Unique cloze words - statistics that would be especially useful to me

alanf_us · December 4, 2020, 11:19pm

Statistics that would be especially useful to me would refer to unique cloze words (see end of post for what I mean by “words”):

How many unique cloze words remain in this category?
How many unique cloze words have I encountered (“played”) in this category?
How many unique cloze words have I mastered in this category?
How many unique cloze words have I encountered (“played”) overall?
How many unique cloze words have I mastered overall?

This information would be more useful to me than how many sentences I’ve played. For instance, the Russian grammatical category “Adverbs of Place and Direction” contains 506 sentences, but only about a dozen unique cloze words (здесь, тут, там, куда, туда, сюда, откуда, оттуда, отсюда, где, and maybe one or two more). After I’ve seen every word five times or so, there’s nothing more to learn. On the sentence/category construction side (meaning Mike and whatever team is working with him), if the number of unique cloze words were used to determine how many sentences should go into a category, we could have the category sizes make more sense. On the player side, if I knew that I had already seen all the unique words in a category, I could go on to a new category. I would also love it if there were a way to prioritize sentences with cloze words I hadn’t seen before so that they would show up sooner. (Hopefully, these would be genuine words in the language, rather than unassimilated foreign names.)

Unique words would also be a good way to determine how much vocabulary I’ve been exposed to overall, if I’m looking for a way to quantify my progress. I’d much rather know that than how many sentences I’ve played or mastered.

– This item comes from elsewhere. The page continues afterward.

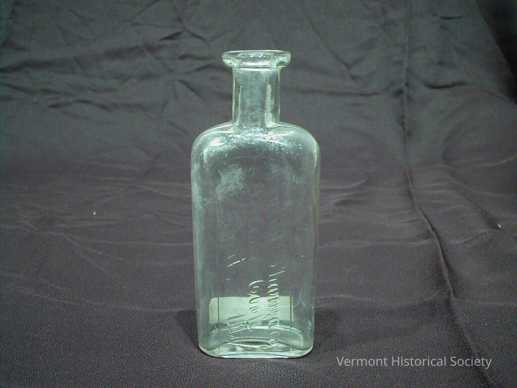 Clear glass medicine bottle with the molded inscription, "Central Pharmacy Davis & Cook Newport, Vt."

As for how I’m defining “words”, it could mean “word forms” (where “walk”, “walks”, and “walking” would count separately) or “stemmed/lemmatized words” (where they would be treated the same). Of the two, stemmed/lemmatized would be more interesting to me, but I suspect much harder to count.

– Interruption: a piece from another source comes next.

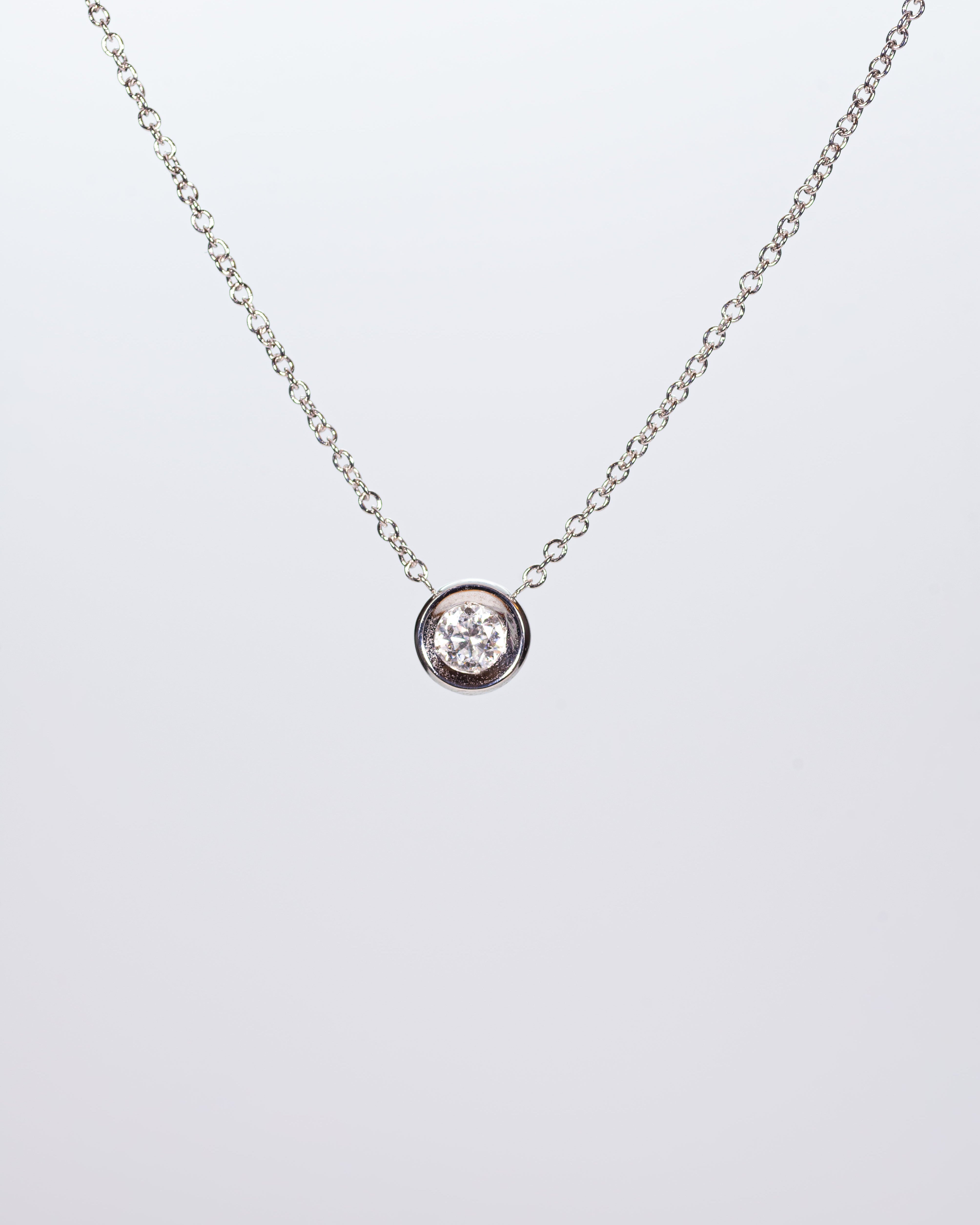 Punto luce in oro bianco 18kt. Questa collana con ciondolo solitario centrale è realizzata con un attento studio del castone che conserva il diamante: il suo particolare grado di curvatura, infatti, riesce a fare brillare il diamante D color incastonato al suo massimo, in questa versione la pietra si presenta fissa al centro di una collana rolò; inoltre, grazie alla creazione di fessure laterali e posteriori, da alla luce la possibilità di insinuarsi a 360° rendendo unico l’effetto “luce” di questo gioiello che nella sua semplicità non teme confronti rappresentando un must have per ogni donna.

LuciusVorenusX · December 5, 2020, 12:23am

I can see some utility in that, especially in some collection types. There are a few issues that may be encountered, though, such as:

Words that are identically spelt, but which have multiple meanings. I don’t know what Russian is like with that, but I know that some languages are worse than others in this respect. {Glares in the general direction of English.}
Context. In Italian I have some collections, both built in and custom, of a couple of dozen unique words. Nice, short little words. However those couple of dozen words appear in literally hundreds of my reviews every week. The words themselves I know by heart. It’s the context of the words that matters. Which words? {Deep breath, hissing voice…} Prepositionssssss. Italian is an absolute sod when it comes to the consistency (or the lack thereof) of prepositions. (Just like English to be honest, though native English speakers don’t notice it as much, just as native Italian speakers won’t (until they try to learn English.) Although I have long since mastered the unique words, what I haven’t mastered, and which Just. Won’t. Stick. (so far) is the context in which to use them. I’m aware that for the purposes of communicating nobody in Firenze is going to care if I say “alla” when I should say “sulla” or “nella”, but my objective is to NOT have a native speaker roll their eyes and think “uno straniero…” (Which is why I’ll continue doing them until I get zero errors and have the usages drilled into my memory.) In cases like that knowing the unique word count won’t necessarily help, though it won’t do any harm either. In collections of “common” nouns or verbs it could well be very useful.

Agreed. In Italian and English verb roots are relatively regular, if you squint and tilt your head at just the right angle. I don’t know what Russian is like in that regard. German… well there’s sort of a pattern, maybe? Sometimes? Other languages, I don’t even want to think about.

alanf_us · December 5, 2020, 4:02pm

You make a good point: unique word count is a more useful metric for some collection types than others. But I still think that I would profit from knowing how many unique words I’ve encountered on the whole, even if that statistic doesn’t tell me everything.

I’m aware of stemmers for most European languages and a few Semitic ones. I’m not sure whether they make sense for East Asian languages.